09期待と時計台
サラは頭を抱え込んだ。エミリエは盛大に溜め息を吐いた。
「......今日は特にひどいわね....何枚目?」
粉々になった陶器の破片を見下ろしながらエミリエが尋ねる。
「さんまいめです.....」
青ざめた顔でサラが答えた。
「......違うわ。四枚目よ。」
「分かってるなら何で聞くんですかあ!」
「......それにしても....ここまで来ると逆に感心するわ。貴方前世でお皿によっぽどひどい事されたみたいね。」
「されてませんよ!あぁ....また新しいものを買って来ないと.....」
「一番安いのにしてよ。どうせ割れるんだから」
「割りません!気をつけますから!」
「.......その破片を片付けたらもう今日の用事はいいわ。このままだと家中の食器が割れてしまうもの。」
「すみません...」
しょんぼりとしながら欠片を掃除し始めた彼女を見てエミリエはもう一度溜め息を吐く。
この仕事への集中力の無さと散漫さ.....まぁいつもそうなのだけれど....
......よっぽど楽しみにしていると見えるわ。今日、彼に会う事を....
*
「.....エルヴィン。顔がひどく気持ち悪い。悪いもんでも食ったか。」
リヴァイがうんざりした様子でエルヴィンに言葉を投げ掛けた。
しかし彼の辛辣な言葉も意に介さず、エルヴィンはにこやかに「うん?そうかな」と返す。
思わずリヴァイは舌打ちした。
「.....どうせ例の紙みてえに平面的な女の事でも考えてたんだろ」
「確かに彼女は体の厚みが少ない方だが...そこまで平たくは無いと思うぞ....」
「最近のお前はどうもにやけ過ぎだ。気持ち悪いを通り越して不気味に感じる事すらある。」
「なかなかひどい事を言うな。」
「そして今日は一段とひでえ顔だ。....おい、まさか時間が空く今日の午後、あいつに会いに行くとか言わねえよな」
「........いけないのか?」
相も変わらず曇りひとつ無い笑顔で答えるエルヴィンを呆れた様に見つめるリヴァイ。しばらく二の句が告げなかった。

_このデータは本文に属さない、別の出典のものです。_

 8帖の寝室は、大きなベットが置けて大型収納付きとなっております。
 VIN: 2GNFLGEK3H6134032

「いや......いけなくはないが.....。お前がそこまで入れ込むなんて珍しいと思っただけだ....。」
「そうだな.....。私自身も少し驚いているよ。」
「お前、随分と趣味が変わったな....。」
「....そうかもしれないな」
そう言ってエルヴィンは窓の傍まで歩き、遠くに見える時計台をしばらく眺めた。
約束の時間は15時。あと数時間が待ち切れなかった。時計の針の移動がいつもよりひどく遅く感じて仕方が無い。

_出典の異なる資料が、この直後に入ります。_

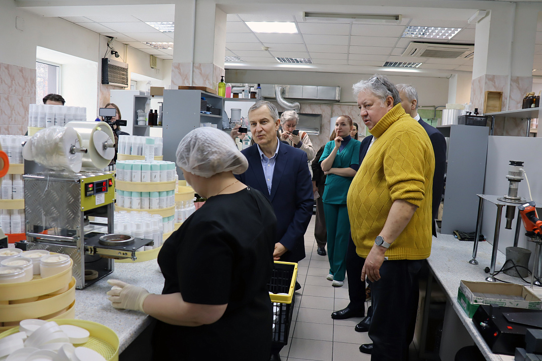 И.о. губернатора Курской области Александр Чепик с рабочим визитом посетил малое предприятие ООО «Клеона», которое занимается разработкой и производством высококачественной уходовой косметики для лица и волос, а также натурального мыла. Здесь создали более 600 рецептур натуральных косметических средств. Продукцию реализуют не только в России, но и в Беларуси, Киргизии, Казахстане и Армении.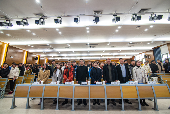 12月17日下午,学院天目湖校区团学分会2020届主席团受聘仪式暨“‘羽’你同行,‘篮’不住的激情”首届篮球、羽毛球联赛颁奖仪式在巡天楼二楼报告厅举行。学院团委书记邓国伟、驻校区办公室主任刘岚、团委副书记李学东、驻校区办公室副主任陈圆平、驻区辅导员以及团学分会、团支部代表参加仪式。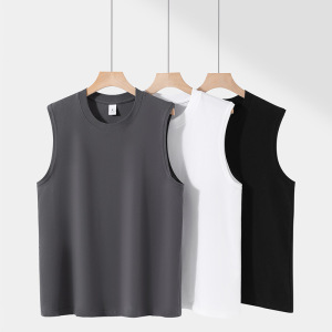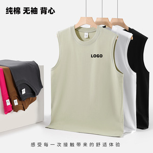 夏の純綿ノースリーブ Tシャツベスト通気性吸汗性ベーススポーツフィットネスルーズスウェット Tシャツ男性用プリントロゴ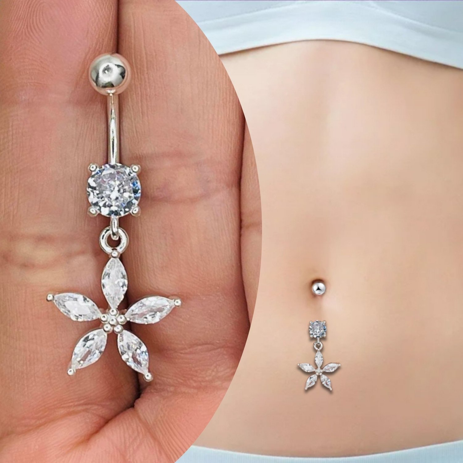 Piercing Ombligo Flor puntiaguda cubic blanco de Plata 925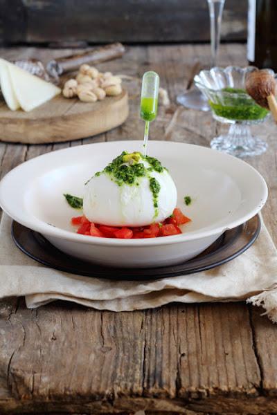 Ensalada de Mozzarella con pesto de espinacas y pistachos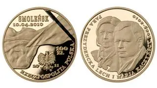 - złotą 100-złotówkę z podobizną prezydenckiej pary Lecha i Marii Kaczyńskich (ma dodatkowo naniesiony techniką tampodruku motyw czarnego kiru),

時計台のある街の中央の建物へ続く道は暖かな春の日差しに照らされていて、左右には赤茶けた屋根の建物がいくつとなく並んでいる。
この中のどれかに彼女が暮らす屋敷があるのだ。そう思うだけで心は穏やかに満たされて行った。
リヴァイもまたエルヴィンの背中越しに高く聳える時計台を見つめる。
そして先日出会った何の変哲も無い雑用女中の濁り無い笑顔を思い出した。
.......奴に会ってからだろうか。エルヴィンを包む空気が柔らかくなった気がする。
四角四面で真面目なこの男のそんな様は長い付き合いの俺でも初めて目にするものだった。

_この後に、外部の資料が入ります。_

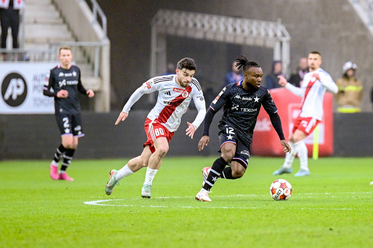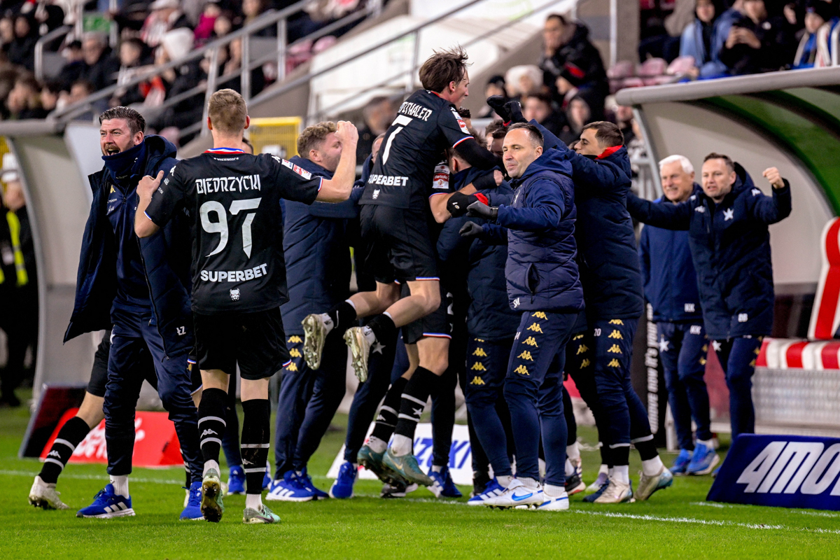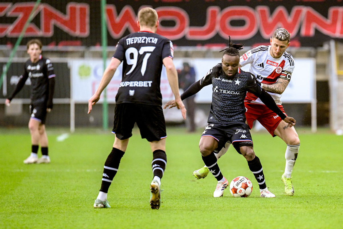Gospodarze mieli świetną okazję w 31 minucie. Mateusz Lewandowski po błędzie Juliana Lelievelda strzelał głową z dobrej pozycji, ale piłka przeleciała obok słupka.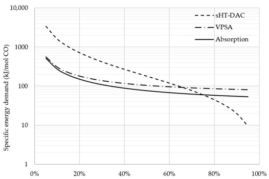 The gas outlet of the reactors is cooled down and products (H2 and CO) are separated from reactants (H2O and CO2, respectively). The separation of water and hydrogen is performed by a series of flash tanks, while the mixture of CO and CO2 must undergo a more complex process to be separated due to their low boiling points. The chosen technology in the final simulation is liquid absorption, but other alternatives have also been considered. According to literature, vacuum-pressure swing adsorption (VPSA) of carbon monoxide [44] could be a competitive alternative, while cryogenic distillation or membrane separation have too high energy consumptions [45,46,47]. In addition, the possibility of using the already available DAC equipment in order to remove the unreacted CO2 is studied, which is a novel approach. To compare the different separation alternatives, the models described on literature for liquid absorption [48] and VPSA [47] were reproduced in the same Aspen Plus® simulation. Data shown in Figure 2 was used for quantifying energy needs of CO purification with DAC equipment.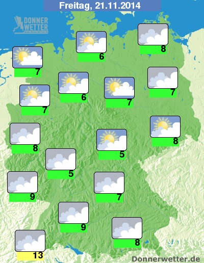 Der heutige Tag bescherrt vor allem dem Süden und Südwesten des Landes meist dichtes Gewölk, aber auch im Nordosten des Landes bleiben Auflockerungen selten, Regen fällt jedoch nur selten etwas. In den anderen Landesteilen ist es überwiegend aufgelockert, vor allem am Nachmittag auch gebietsweise locker bewölkt und es bleibt trocken. Die Temperatur steigt auf 5 Grad im Taunus und auf bis zu milde 13 Grad in Konstanz am Bodensee.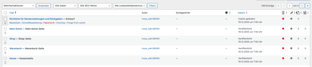 Die Seiten Mein Konto, Shop, Warenkorb, Richtlinien und Kasse werden vom WooCommerce automatisch erstellt, da diese notwendig sind. Zudem erhälst du links in der Navigation folgende neuen Punkte: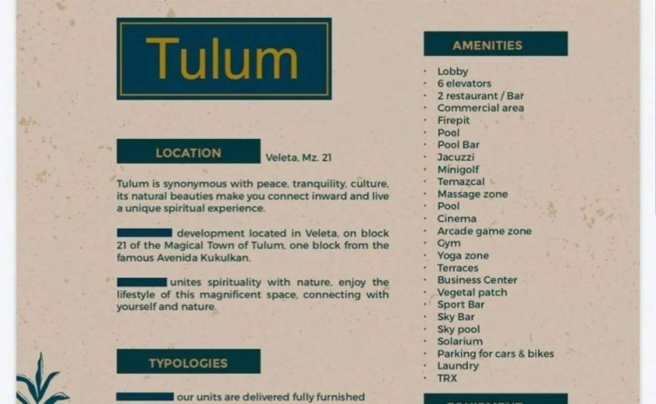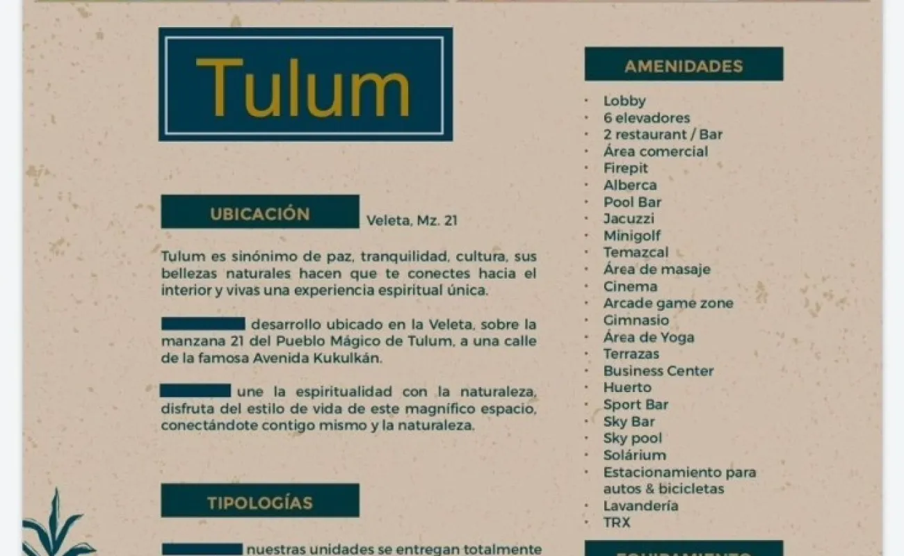 Este gran Proyecto está ubicado en La Veleta a 1 cuadra de la Av. Kukulkan y a 1 cuadra de la entrada de Aldea Zamá, contará con 350 unidades en 2 etapas, se entrega en Diciembre del 2025, está vendido a la fecha al 85%, no dejes pasar esta gran oportunidad.

恐らく....エルヴィンにとってサラの存在は不可欠なものになりつつある。
だがなあ、お前は調査兵団の団長で、向こうは素性の知れない女中だろう?
他人の恋愛にああだこうだ言うのは趣味じゃねえがどう贔屓目に見ても上手くいくとは思えない。
それにお前はいつ死ぬとも分からない身だ。その時の事を考えてはいるのか....?
リヴァイは小さく首を振って思考を強制的に中断させる。
......考えても仕様が無い。なる様にしかならないのだ。
穏やかに晴れた空を見上げると、またしても脳裏にサラの笑顔が浮かんで来る。
その笑顔はただエルヴィンのみに赦されてあるかのような健かなもので、サラもまた彼を大切にしているのが良く分かった。
そう、なる様にしかならない。
彼等の未来を思っては、リヴァイはひどく重たい気持ちになるのだった。